-- DATA FOR THIS EXERCISE follows --

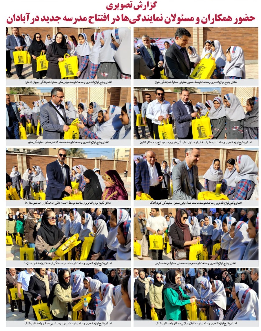 همزمان، مدرسه ۹ کلاسه آبادان نیز افتتاح شد و به مجموعه مدارس جدید استان خوزستان پیوست.
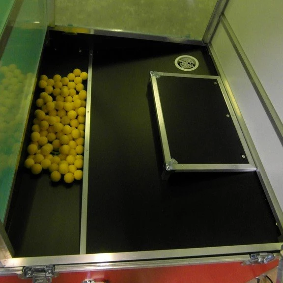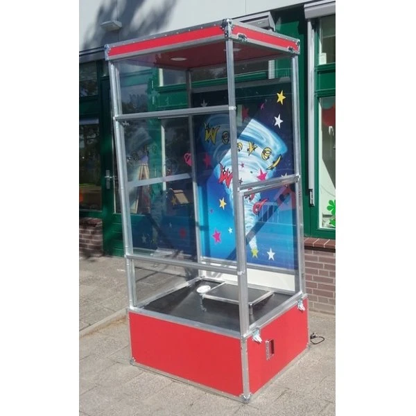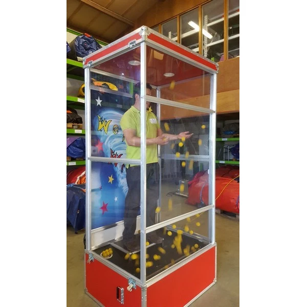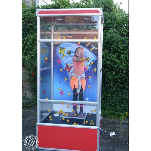 Kassa! Neem plaats op het plateau in de cabine en vang zo veel mogelijk balletjes die door de wervelwind omhoog worden geblazen. Het is nog niet zo makkelijk als het lijkt.
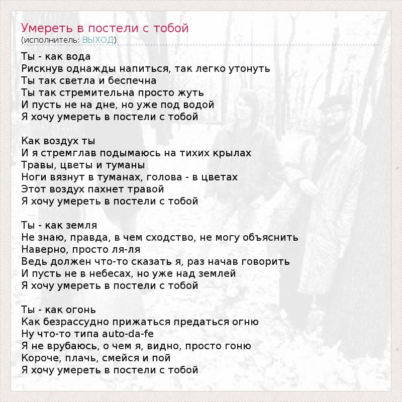 ГлавнаяИсполнителиВЫХОДУмереть в постели с тобой
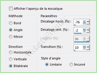 18 - Effets/Effets d'image/Mosaïque sans jointure réglages suivants:
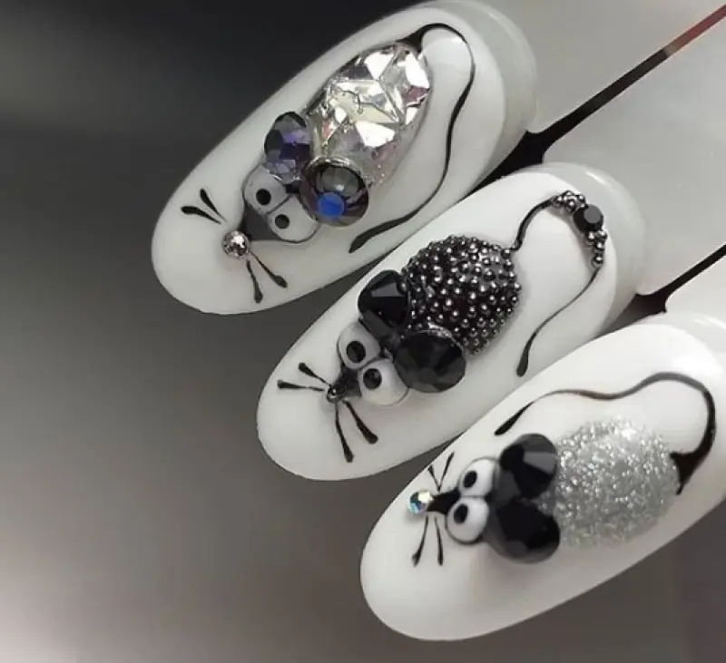 Светло-серый зимний маникюр 2020 - это компиляция с белыми, черными или серебристыми ноготками. А дальше будет уместно все, что касается новогодней тематики – снежинки, елочки, новогодние игрушки, олени, и даже рисунки «виновницы торжества» - крысы.

-- DATA FOR THIS EXERCISE concluded --

- _EXERCISE REQUIREMENTS_:
Each entry above must be restated word for word; the pictures stay out of the copy.

- _OUTPUT BELOW_:
 همزمان، مدرسه ۹ کلاسه آبادان نیز افتتاح شد و به مجموعه مدارس جدید استان خوزستان پیوست.
 Kassa! Neem plaats op het plateau in de cabine en vang zo veel mogelijk balletjes die door de wervelwind omhoog worden geblazen. Het is nog niet zo makkelijk als het lijkt.
 ГлавнаяИсполнителиВЫХОДУмереть в постели с тобой
 18 - Effets/Effets d'image/Mosaïque sans jointure réglages suivants:
 Светло-серый зимний маникюр 2020 - это компиляция с белыми, черными или серебристыми ноготками. А дальше будет уместно все, что касается новогодней тематики – снежинки, елочки, новогодние игрушки, олени, и даже рисунки «виновницы торжества» - крысы.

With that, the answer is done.